29 Eylül 2018

Leave No Trace


ağır dram yapmayalım demişler, tamam tercih meselesi ama adamın sıkıntısı ne? bunu üç cümle ile anlatsalar ona bile razıydım. çok az ipucu, az dialog. bir dram da olmayınca biraz sıkıcı bir film olmuş. tabii sıkıcı filme göre hızlı geçti. esas kızın içinde kopan fırtınalar yüzünden belki insan bir yerden sonra acıyor, ondan bir hızlı geçiş söz konusu olabiliyor. canlı gitar çalımları güzeldi, müzikler fena değildi. yeşiller, doğa moğa falan da güzeldi. insandan uzaklaşma temalı film için izlenebilir. dram bekleniyorsa pek bir numarası yok. fikir bekleniyorsa yine yok. geriye ne kalırsa onun için izlenebilir işte.

--- spoiler ---

.pat diye ormanda başlıyor. bir baba ve kızı ormanda yaşıyorlar. düzenlerini kurmuşlar ama şehre gelip alışveriş yapıyorlar. adam eski asker, ilaçlarını hap bağımlılarına satarak para kazanıyor. mevzusu bu.

.insanlardan uzak kalmak istiyor, tamam anladım ama kızını niye sürüklüyor? o da insan sayılmaz mı? zaten en sonunda adamı bıraktı. bunun açıklaması yok. askerlik yüzünden mi kafayı yemiş? yaptıkları psikolojik testin bari bir sonucu çıksaydı. bir manası olmuyor bir yerden sonra.

.işler böyle yarım yamalak, aç karna giderken kızı ormanda koşu yapan bir tip görüyor. yetkililere haber veriyor. köpekle ormana daldıkları vakit, o kadar tatbikat falan boşa gidiyor. hayvan iki saniyede bunları yakalıyor. sisteme giriyorlar. bir sürü test, şu bu derken, hayırsever bir vatandaş bunlara ev veriyor.

.yine ormanda müstakil bir ev, noel ağacı işi yapıyor ama bundan da memnun olmuyor. kızı orada kalmak istiyor. iki saniyede sosyalleşiyor. tavşanı olan bir oğlanla bile konuşuyor. bunca zaman ormanda yaşamış ama benden sosyal yemin ederim.

.zaten hikayenin başı yok, annesine ne oldu o belli değil. kaç senedir böyle yaşadıklarını da bilmiyoruz. hepsini kitabına bırakmışlar herhalde.

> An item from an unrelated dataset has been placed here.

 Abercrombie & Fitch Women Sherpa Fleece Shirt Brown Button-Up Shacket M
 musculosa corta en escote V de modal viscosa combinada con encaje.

.neyse adam kalk gidiyoruz diyor, tekrar yollara düşüyorlar. otobüs yolculuğu, sonra kamyon şoföründen rica ile sapa bir yere geliyorlar. denizden yüksek bir yermiş. soğukmuş. kız donuyor, ayaklar su alıyor. babası bir sürü uğraşıyor ama olacak gibi değil. geceyi orada geçirmek için koştur koştur bir yer yapıyor. içinde donmadan sabaha çıkıyorlar. filmin en gergin kısmı burası, donsalar güzel olabilirdi. en azından bir küçük parmak falan olabilirdi yani.

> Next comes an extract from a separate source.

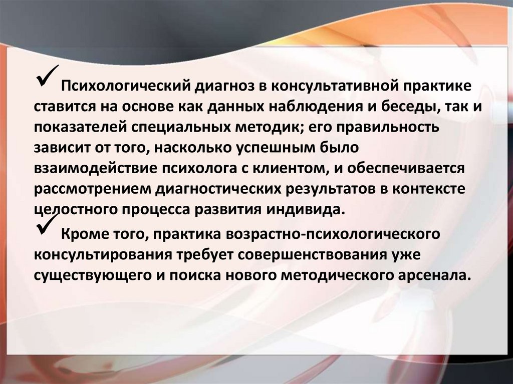 Психологический диагноз в консультативной практикеставится на основе как данных наблюдения и беседы, так и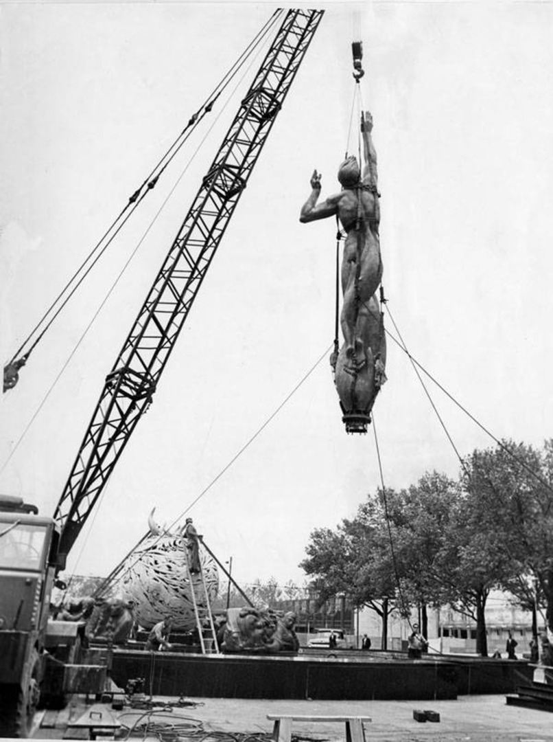 After 19 years of preparations and construction, the memorial was ready to be officially dedicated. On May 30, 1964, thousands of residents and spectators descended on Cleveland’s downtown Mall for Memorial Day celebrations and the dedication of the “Press War Memorial Fountain,” which featured the Fountain of Eternal Life sculpture. The sculpture itself featured four large granite slabs and a towering bronze figure arising upwards out of flames and a sphere meant to represent the universe. In all, the monument towered 46 feet above the ground. Marshall Fredericks described his work on the sculpture, stating, “This figure expresses the main theme of the Memorial Fountain, namely, the spirit of mankind rising out of the encircling flames of war, pestilence, and the destructive elements of life, reaching and ascending to a new understanding of life. Man rising above death, reaching upward to his God and toward peace.” Placed around the monument and inlaid upon the granite labs would be inscribed bronze tablets containing the names of local residents who perished during the Second World War and the Korean War.

.kurtuluyorlar, ağaç evi buluyorlar, biraz yiyecek falan var ama yeterli değil, adam bir şeyler bulmak için yola çıkıyor. uzaklaşamadan takılmış düşmüş. kız bir gün babasını bekliyor, yine geriliyoruz. ikinci gün aramaya gidip buluyor. neyse ki ölmemiş. tam o an ormanda takılan tiplere koşup yetişiyor.

.nasıl tesadüfse artık, onlar babasını kurtarıyorlar, karavan kamp alanı gibi. toplumdan uzak, doğa severlerle buluşuyorlar. nasıl iyi insanlarsa artık hepsi, bir tane kötü gözle bakanı yok, hepsi süper naifler. kimse kimsenin tavuğuna kışt demiyor.

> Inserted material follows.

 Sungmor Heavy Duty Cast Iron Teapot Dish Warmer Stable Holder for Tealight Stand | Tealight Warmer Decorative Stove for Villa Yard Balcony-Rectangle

.kız burayı da çok beğeniyor. orada kalmak için kira bile ödüyor. artık ne parası varsa işin başındaki karıya veriyor. adam iyileştikten sonra ki ayağı tam iyileşmeden bile o toplumdan bile ayrılıyor. 

.ormanda yalnız yaşayan başka bir adam varmış, kadın ona da yiyecek koyarmış. kızı da babasının özel sesini çıkararak yiyeceği koyuyor ve film böylece bitiyor. hani ne oldu dediğinizi duyar gibiyim.

.kız kamp alanında kalıyor, babasına sen de kalabilsen kalırsın biliyorum diyerek veda ediyor. bu yani sadece.